REPUBLIKA.CO.ID, JAKARTA -- Indonesia menjadi satu-satunya negara Asia Tenggara yang memiliki pelampung pendeteksi perubahan cuaca (buoy). Hal ini dikatakan peneliti utama badan pengkajian dan penerapan teknologi (BPPT), Fadly Syamsudin. "Selama ini yang memiliki teknologi ini adalah Amerika dan Jepang," katanya, Senin (12/3).
Amerika memiliki National Oceanography and Atmospheric Agency (NOAA). NOAA ditempatkan di samudera Pasifik tengah sampai timur. Sementara Jepang di Samudera Pasifik bagian barat, memiliki 15 buoy. "Indonesia menjadi negara ASEAN pertama," ujarnya.
Buoy ini mulai dioperasikan pada juni 2011 dan ditempatkan di utara Papua. Pelampung ini mendeteksi parameter cuaca seperti suhu, radiasi, kekuatan arus, dan kecepatan angin. Buoy bisa mendeteksi sampai sepuluh meter di atas permukaan, dan 500 meter di bawah permukaan laut. Saat ini Indonesia baru memiliki satu buoy.
Alat dan teknologi ini, kata dia, diharapkan bisa memberi informasi detail tentang perubahan cuaca di laut. Fadli mengatakan, perubahan cuaca di laut berefek pada daratan. "Misalnya badai. Walaupun terjadi di darat, didahului perubahan suhu di laut. Hal ini diakibatkan suhu permukaan laut tinggi. Sehingga tekanan permukaan menjadi rendah. Akibatnya terjadi aliran massa udara dari laut ke permukaan," ujarnya.

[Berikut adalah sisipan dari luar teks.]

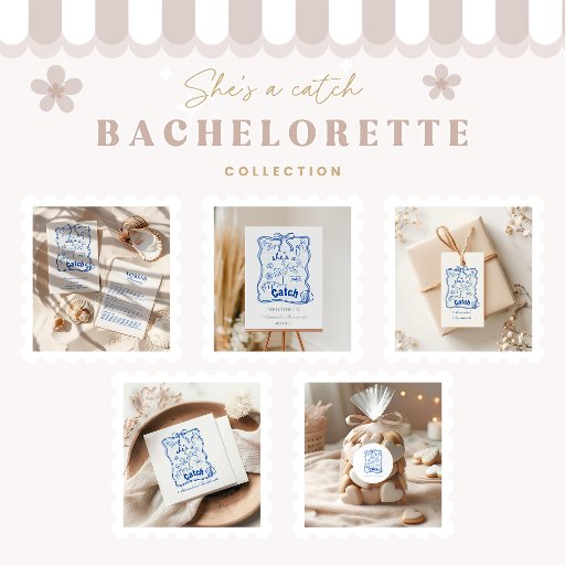 Celebrate the bride-to-be with this playful Shes a Catch bachelorette design, featuring coastal doodles, a wavy coquette-style frame, and a bold blue bow. With shells, bikinis, martinis, and sunshine vibes, it’s perfect for a beachside bash, tropical pool party, or girls’ weekend getaway. Editable for any bachelorette celebration — from classy to cheeky!
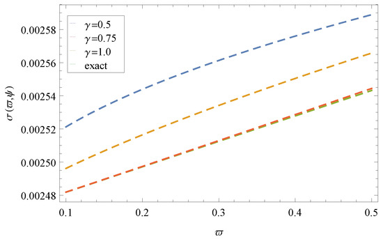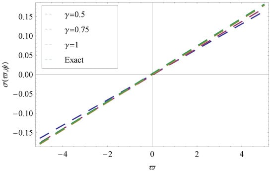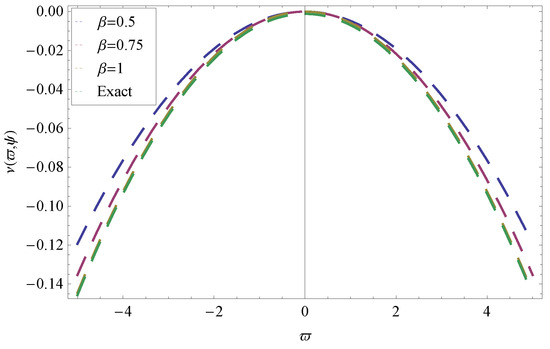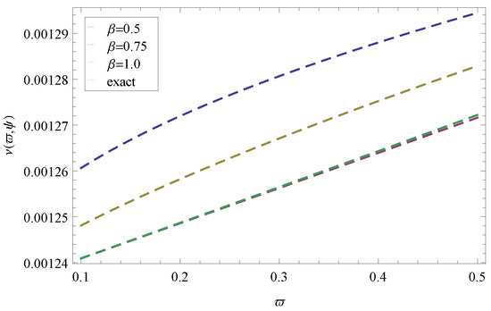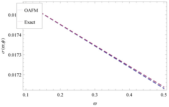 Figure 1 and Figure 3 depict 2D plots as a comparison of the exact and OAFM solutions of and for Problem 1 at . Figure 2 and Figure 4 show the impact of and on OAFM solution, respectively. Figure 5, Figure 6, Figure 7 and Figure 8 display the 3D plot of the OAFM and the exact solutions of and for Problem 1 at .
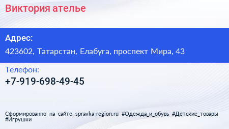Виктория, ателье по адресу 423602, Татарстан, Елабуга, проспект Мира, 43 в дальнейшем Организация, размещена в следующих категориях:

Laut di utara Papua juga memiliki kolom panas. Kolom ini memiliki luas sebesar Benua Australia dengan suhu 19 sampai 30 derajat. Kolom panas ini berpindah-pindah dan berpengaruh pada perubahan cuaca di lautan.
Dia mengatakan, keberadaan buoy diharapkan bisa memberi peringatan dini cuaca di laut. Sehingga perubahan sekecil apapun bisa cepat terdeteksi. Hal ini untuk mendukung pemberian peringatan dini adanya bencana (early warning system).